Rationale: IRS K-1 forms use standard US financial formatting. No ambiguity in the parsing rules.

Rules:

  1. Remove commas: "4,903,568" → "4903568"
  2. Parenthesized = negative: "(409,811)" → "-409811" → -409811
  3. Leading minus = negative: "-5,373" → -5373
  4. Dollar sign: strip "$" if present
  5. Decimal percentages: "3.032900" → 3.032900 (preserve precision, do not round)
  6. "SEE STMT" / "STMT" → numericValue: null, rawValue: "SEE STMT"
  7. "X" (checkbox) → boolean true, rawValue: "X"
  8. Empty / whitespace → omit field or numericValue: 0
  9. "E-FILE" and other text values → numericValue: null, preserve as rawValue

Decision 5: Interface Expansion

Decision: Add subtype, fieldCategory, and isCheckbox to K1ExtractedField; add position info to K1UnmappedItem

Rationale: The existing interface lacks fields needed for subtype codes (box 11 "ZZ*", box 20 "A"/"B"), field categorization (Part III vs Section J vs metadata), and checkbox discrimination.

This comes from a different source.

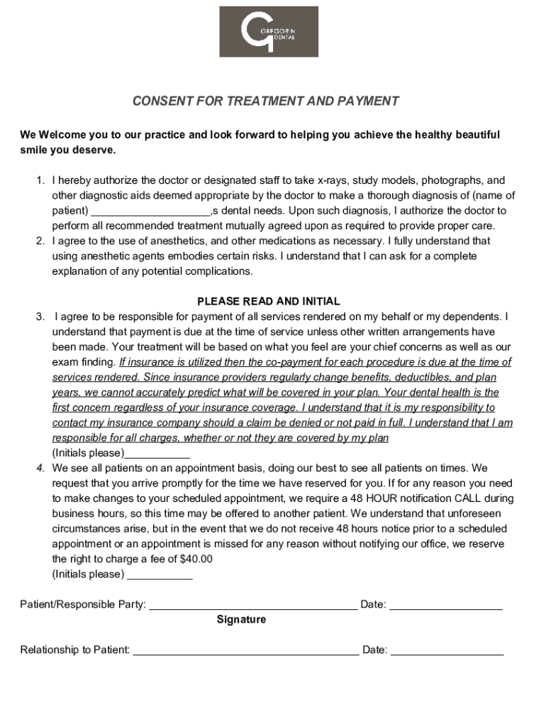 CONSENT FOR TREATMENT AND PAYMENT We Welcome you to our practice and look forward to helping you achieve the healthy beautiful smile you deserve. 1. I hereby authorize the doctor or designated staff

Adding these fields is backward-compatible (all optional/nullable).

New fields on K1ExtractedField:

  • subtype: string | null — subtype code (e.g., "ZZ*", "A", "B", "*")
  • fieldCategory: 'PART_III' | 'METADATA' | 'SECTION_J' | 'SECTION_K' | 'SECTION_L' | 'SECTION_M' | 'SECTION_N' | 'CHECKBOX'
  • isCheckbox: boolean — whether this field is a boolean checkbox value

New fields on K1UnmappedItem:

  • x: number — x position in PDF points
  • y: number — y position in PDF points
  • fontName: string — font identifier for debugging

Open Items

None. All NEEDS CLARIFICATION items resolved.